Nvidia and its swollen market cap narrowly topped estimates in results released after the bell on Wednesday.
Jensen Huang was his enthusiastic self. Blackwell, he proclaimed, is what the “world’s been waiting for.”
That’s a real quote. I suppose it’s true, but it nevertheless feels a bit overwrought even in the context of technological epochs. I doubt too many everyday people wake up every morning and say to their significant other, “Darling, if I have to wait another day on Blackwell Ultra I fear I might lose my mind.”
But if that’s you, don’t worry: Jensen’s ramping production of his “exceptional generational leap” at “full speed.” Demand, he enthused, is “extraordinary.”
As for the company’s results, they were extraordinary too on any objective measure. But as ever, it’s difficult to know if Nvidia’s cleared the bar, residing as expectations do above the clouds, in the stratosphere.
Q2 sales of $46.7 billion topped consensus, but only barely. Analysts were looking for $46.2 billion.

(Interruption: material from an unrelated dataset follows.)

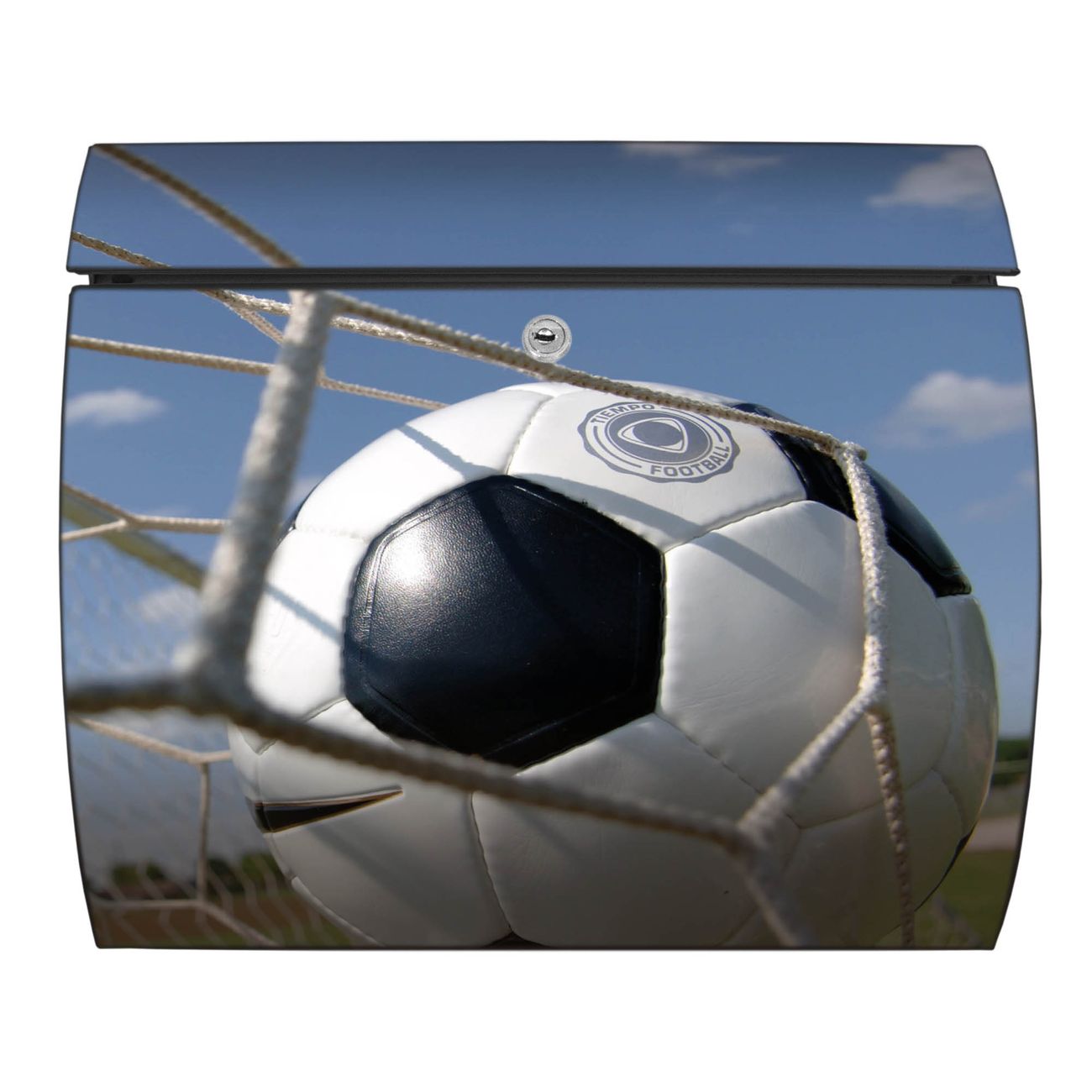 FUNKTION: DESIGN: Das Burg Wächter Modell Toscana mit Motiv Fußball hat ein sehr ansprechendes und zeitloses Design und ist besonderes wetterfest. Heben Sie Sich von der tristen grauen Masse ab, ohne auf Funktionalität zu verzichten. Wir bieten Ihnen ebenfalls Namensschilder, bereits beschriftet oder frei zu beschriften, und verschiedene selbst gestaltete Bitte-Keine-Werbung-Aufkleber. DETAILS: Der Postkasten besteht aus vollflächig verzinktem Stahl welcher in Anthrazit oder Weiß lackiert wurde oder aus Edelstahl (je nach gewählter Variante). Das Motiv besteht aus einer wetter- und UV-festen Folie, die mit einem Schutzlaminat überzogen ist, durch die Ihren Briefkasten zusätzlich vor Kratzern geschützt ist und auf den Briefkasten kaschiert wurde. Sie erhalten zu Ihrem neuen Design Briefkasten 2 Schlüssel sowie das passende Montagematerial. BANJADO: Ihr Briefkasten wird von Burg Wächter in Deutschland gefertigt und in unserer kleinen Manufaktur von Hand veredelt. Die Motivfolie ist lösungsmittelfrei und schutzlaminiert, dies sorgt für einen langen Halt. Wir legen großen Wert auf die Verbindung von Funktionalität und Design. Sie erhalten besondere Handarbeit aus Sachsen und Made in Germany.

The YoY revenue growth rate in the quarter just ended was 56%. That still counts as rapid (particularly considering the base), but it counted as the slowest since Huang’s “quarter heard ’round the world” two years ago.

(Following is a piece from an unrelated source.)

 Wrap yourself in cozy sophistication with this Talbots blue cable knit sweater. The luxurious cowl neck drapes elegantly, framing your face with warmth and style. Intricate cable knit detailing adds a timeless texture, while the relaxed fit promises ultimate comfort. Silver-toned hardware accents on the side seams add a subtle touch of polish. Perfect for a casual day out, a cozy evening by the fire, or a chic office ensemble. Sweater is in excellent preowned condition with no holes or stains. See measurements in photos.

The current-quarter sales guide was good, but good isn’t necessarily good enough when you’re Nvidia. The company sees $54 billion (plus or minus 2%) in revenue for Q3. That was basically in-line.
If realized, sales growth would be more or less unchanged at 54% this quarter.

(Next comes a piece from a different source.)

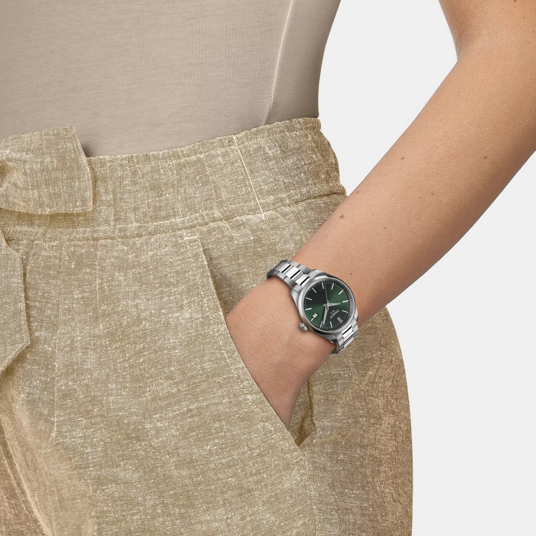 The green dial delivers confident character while maintaining clarity and structural balance. Its stainless steel build supports everyday resilience.This model is ideal for women seeking dependable Swiss precision paired with expressive styling.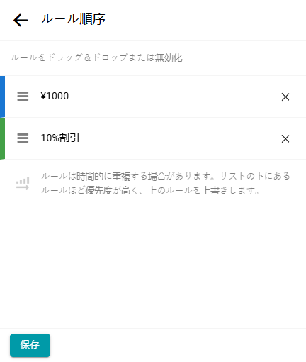新しく作成したルールは現在、優先度が最も低いため、 以前のルールによって上書きされています。 優先度を変更するには、並べ替えボタンをクリックしてください。

Notably, the guide assumes no H20 shipments to China. And none were made in Q2, although the company said it was able to record a $180 million benefit from “the release of previously-reserved H20 inventory” tied to “unrestricted” sales of the chip to “a customer outside of China.”
Investors were keen for any insight into what, exactly, is going on with Nvidia’s China business since Huang successfully lobbied Donald Trump for an export license by — and I’m not sure there’s a polite way to say this — offering to pay the US government for the privilege of shipping semi-obsolete AI chips to Xi Jinping.
Amid a domestic uproar stateside over Nvidia’s offer to pay Trump a share of the company’s China sales, Beijing discouraged Chinese firms, and particularly SOEs, from using the H20, and all but banned it for government applications.
Suffice to say there are more questions than answers regarding the future of the company’s sales into the Chinese market, so Nvidia appears to be taking the most conservative approach possible, where that means simply assuming no sales in China at all. Or at least no H20 sales, and for now that’s the only product Huang’s allowed to sell Xi. (Trump suggested he could be persuaded to allow Nvidia to sell some manner of modified Blackwell to Chinese customers, but details are for now sparse.)
Running through the numbers, Data Center revenue of $41.1 billion was a slight miss. Within Data Center, Compute sales of $33.84 billion fell short of the $35.87 billion consensus, while Networking revenue of $7.25 billion appeared to easily beat. Blackwell Data Center revenue grew 17% in Q2 versus Q1, the company said. Gaming sales of $4.29 billion beat, but that revenue stream’s obviously a sideshow in the AI era.
The non-GAAP gross margin was 72.7%, 60bps better than expected, but more than half of that beat was due to the above-mentioned H20 inventory release. Q2 EPS was $1.04 excluding that item, a few pennies better than consensus. The margin guide — 73.5%, plus or minus 50bps — was a bit better than analysts expected. Non-GAAP expenses for the current quarter are seen at $4.2 billion, a touch lower than the $4.3 billion estimate.
The company said the Board approved another $60 billion in buybacks. Nvidia has $14.7 billion left under the current repurchase authorization quota.
All in all, this report was fine. I doubt it’ll prompt anyone to bid the shares up further given the Data Center miss and the merely in-line current-quarter sales guide, but nothing that I see suggests demand’s anything other than robust for Huang’s products, which makes sense considering he holds a de facto monopoly.
Oh, and while chatting with Fox earlier Wednesday, Scott Bessent said Trump doesn’t have any plans to invest in Nvidia the way he did Intel. After all, Bessent remarked, Nvidia isn’t exactly struggling.